Acceptability Criteria:

  • M2 suggestion table no longer contains suggestions with spaces removed from between non-CJK tokens (Latin, Cyrillic, etc.)

Event Timeline

TJones added a subscriber: EBernhardson.

@EBernhardson, please take a look at the description and add/correct anything that needs it. Thanks!

All seems reasonable to me.

I suspect it's difficult, if even possible, but if we (ok, mostly you) can come up with a regex that identifies the wrong queries that would be easy to apply as a one time filter. I guess since m2 operates on queries in isolation, there is no cross-query interraction, we can probably put something together that re-runs the current version of the algorithm over everything in the rolling history.

Alternatively, now that i have a better understanding of how m2 works it doesn't really even have to be an offline algorithm, i suspect you could implement a suggestions candidate generator in elasticsearch that applies this algorithms to source queries in real time. Certainly not something for right now though :)

I suspect it's difficult, if even possible, but if we (ok, mostly you) can come up with a regex that identifies the wrong queries that would be easy to apply as a one time filter.

  1. The simplest regex would be /\s/, which would catch anything with space in it. Based on the samples I pulled, I'd estimate ~10% of Chinese, ~20% of Japanese, and ~50% of Korean queries in the M2 table have spaces.
  2. A more restrictive regex would catch anything with a non-CJK character next to a space on either side: [^\p{Han}\p{Hangul}\p{Hiragana}\p{Katakana}\s]\s|\s[^\p{Han}\p{Hangul}\p{Hiragana}\p{Katakana}\s]. That matches 5% of Chinese, 11% of Japanese, and 10% of Korean queries.
  3. Even more restrictive would require a non-CJK character on both sides of one or more spaces: [^\p{Han}\p{Hangul}\p{Hiragana}\p{Katakana}]\s+[^\p{Han}\p{Hangul}\p{Hiragana}\p{Katakana}]. 1.5% Chinese, 6% Japanese, 3% Korean.
  4. The most restrictive would just look for A-Z and numbers on each side of one or more spaces: [A-Za-z0-9]\s+[A-Za-z0-9]: 1% Chinese, 2.5% Japanese, 1% Korean.

#1 would catch everything, and it's pretty easy as regexes go! Spaces seem a lot more common in Korean, so I'd prefer this one. #4 is very restrictive, but it would catch the most egregious examples, and with an eventual time out it'd be okay. #2, #3, and #4 aren't aware of punctuation, so something..like..this..维基百科 could still get a suggestion like somethinglikethis维基百科—but such cases are much more rare.

BTW, if you use #2 or #3, check that your language of choice supports \p{Han}, etc. Java uses \p{IsHan}, for example. I can work out the ranges for them if that's better.

I'm not entirely sure if it's correct, but in theory ebernhardson.glent_suggestions/algo=m2run/date=20210313 should contain all the queries in the regular m2run history, but re-run with the updated algorithm. This is mostly a naive re-shaping of the historical data to look like it's a log and processing it that way.
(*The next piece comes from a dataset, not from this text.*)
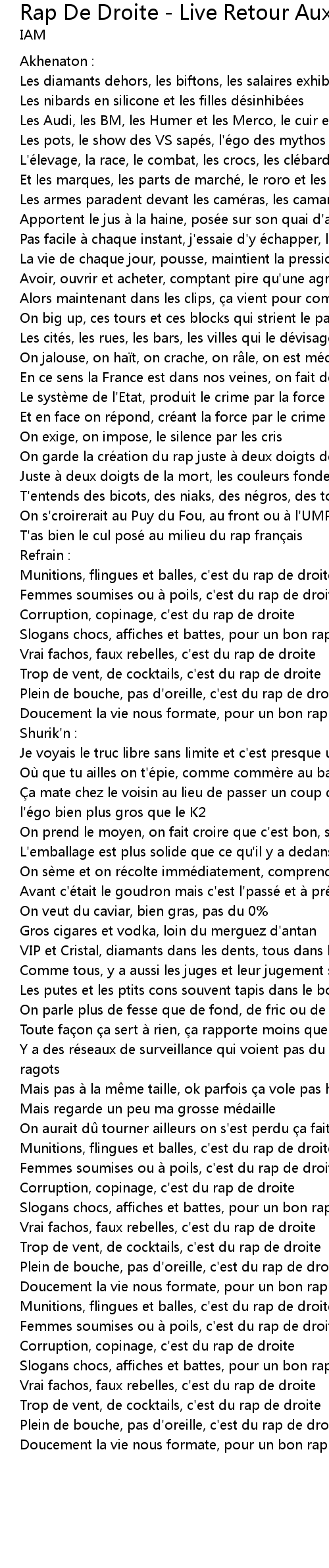 | Song | Rap De Droite - Live Retour Aux Pyramides 14/03/2008 |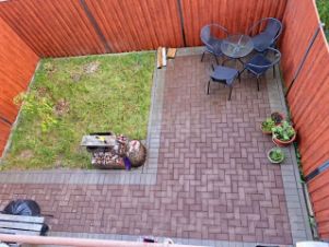 Задний дворик предназначен для отдыха, здесь оборудована зона барбекю, частично уложена плитка и сохранена зеленая зона для сада. Вся территория освещена и огорожена забором из профлиста под дерево.

The re-run only gives 188,623 suggestions, where the source had 270k suggestions. But the source only had 193k distinct source queries, the re-run has 185k. We don't typically bother to collapse a historical suggestion with a new suggestion for the same thing, instead allowing the SuggestionAggregator that operates over all suggester implementations to do that part. Perhaps this reduction is mostly simply removing duplicates, and then dropping a couple queries that now return themselves as best variant.

I tried reviewing some of the changes, particularly the 7,870 queries that used to have suggestions but no longer do, and it's not clear to me. For example 俸納 used to suggest 奉納 but doesn't any more. This doesn't seem to match the patterns we are dealing with here, but perhaps that was a previous bug that was fixed and we are only now doing a rerun of historical m2?

I've placed all of the query,old_dym pairs that didn't generate new suggestions in stat1007.eqiad.wmnet:/home/ebernhardson/glent_m2_rerun_filtered.csv

Change 673155 had a related patch set uploaded (by Ebernhardson; owner: Ebernhardson):
[search/glent@master] Run dictionary suggester against historical queries

https://gerrit.wikimedia.org/r/673155

I tried reviewing some of the changes, particularly the 7,870 queries that used to have suggestions but no longer do, and it's not clear to me. For example 俸納 used to suggest 奉納 but doesn't any more. This doesn't seem to match the patterns we are dealing with here, but perhaps that was a previous bug that was fixed and we are only now doing a rerun of historical m2?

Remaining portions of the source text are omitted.